In my philosophy class this semester, my professor ruminated on how, ultimately, trying to live a good life is sort of a futile effort, given that we cannot possibly, 100% certainly for-sure know what good is. Someone asked what even was the point of trying, which he responded to with an anecdote.
Imagine you’re told you have to run a 500 mile race, he said, and you’re only given one hour to do it. This is clearly an impossible task – you will never be able to reach the finish line in one hour. Some people, he says, would just not run. They’d sit down and idle away their hour. You can’t really fault them. Some people would walk and not really waste their energy. And some people, he said, would think – hey, by God, I want to see how far I can get in that hour. You really have the choice of whether you’re going to sprint and see how far you can go or just spend your life walking.
In my mind, that tied in somehow to a joke about limping my way to the finish line this exam season, but I think all the essays I’ve written in the last 72 hours have melted the part of my brain that can make those connections.
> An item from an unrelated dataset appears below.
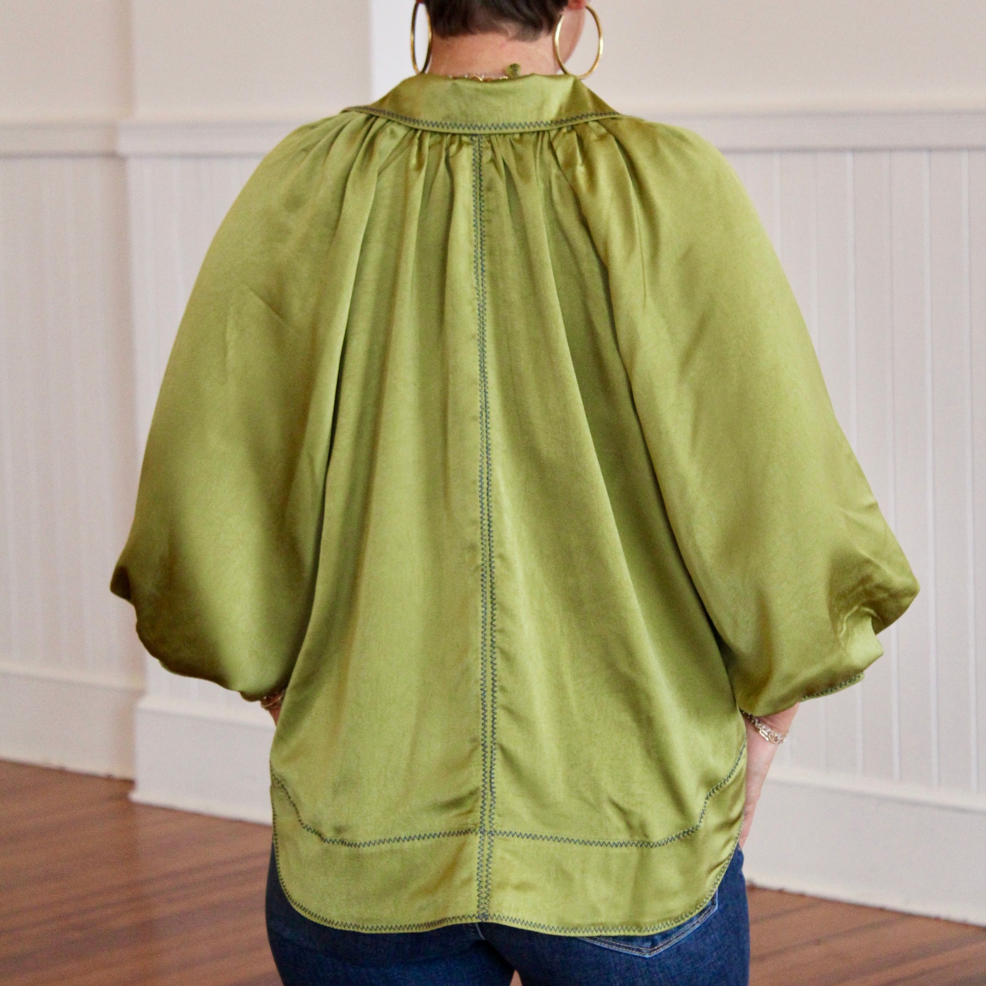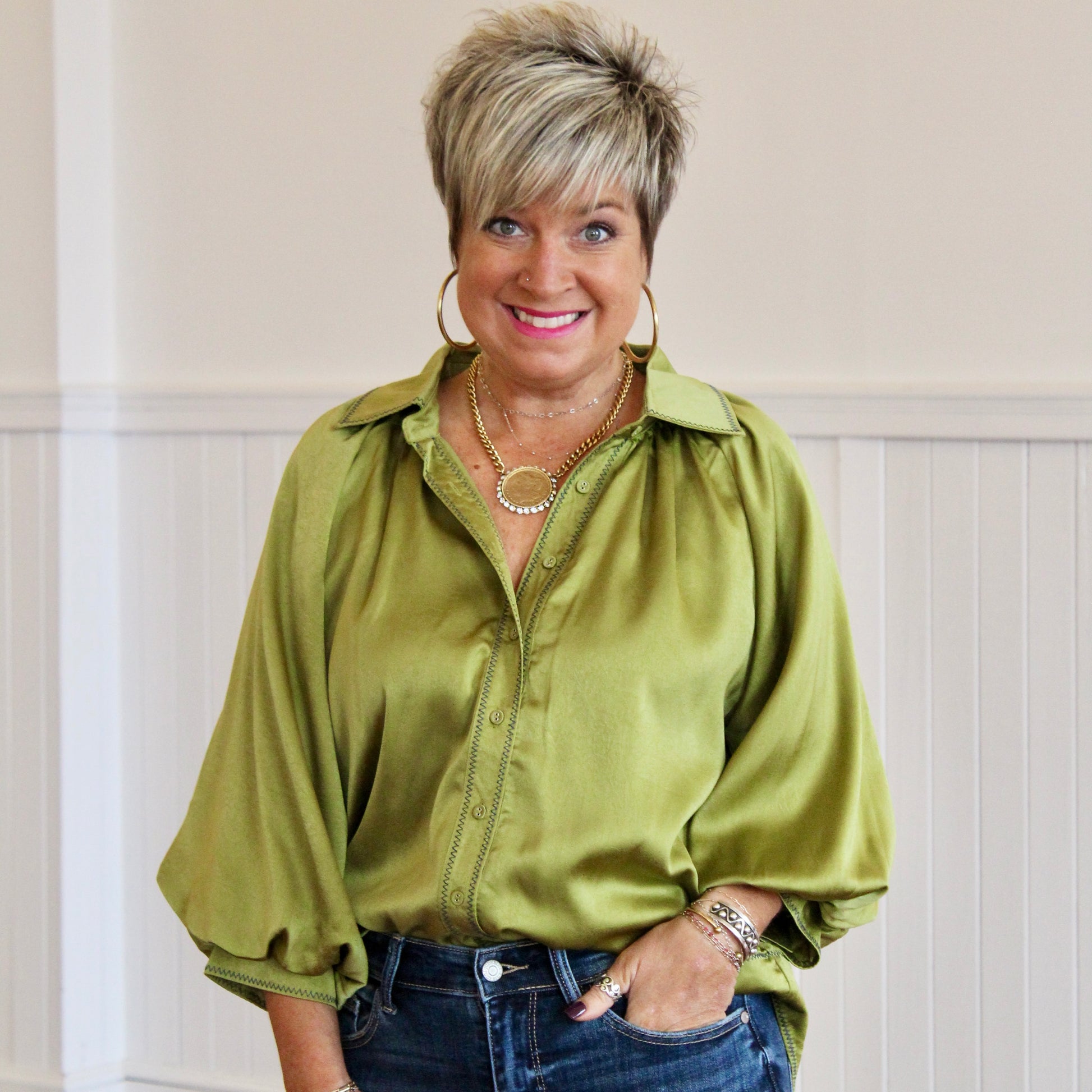 This satin top with balloon sleeves gives such an elegant and timeless look. The button-down blouse is designed with a wavy hem and stitching details that are just the cutest! This top comes in two colors and can easily be dressed up or down.
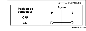 • Si les valeurs mesurées ne correspondent pas aux spécifications du tableau, remplacer le contacteur général d'éclairage.

Finals, in a weird way, are the race already being over. By the time they roll around, you’ve mostly learned the material or you haven’t – you can start sprinting with a minute left, but you’ve cleared the most of the distance you can. In regards both personal and academic, I think it’s neat to reflect on what you’ve accomplished, even while you’re completely terrified for your GPA over the next few days.
There’s also a cool sense of camaraderie on campus around this time of the semester. You can wander around wrapped up in a blanket, drinking coffee out of a 32oz cup looking to the library with a thousand yard stare, and people just kind of nod and don’t question it.
So, perhaps partially in an effort to convince myself, I’ll say this – the important thing about finals is that you ran, not how quickly you got to the finish line.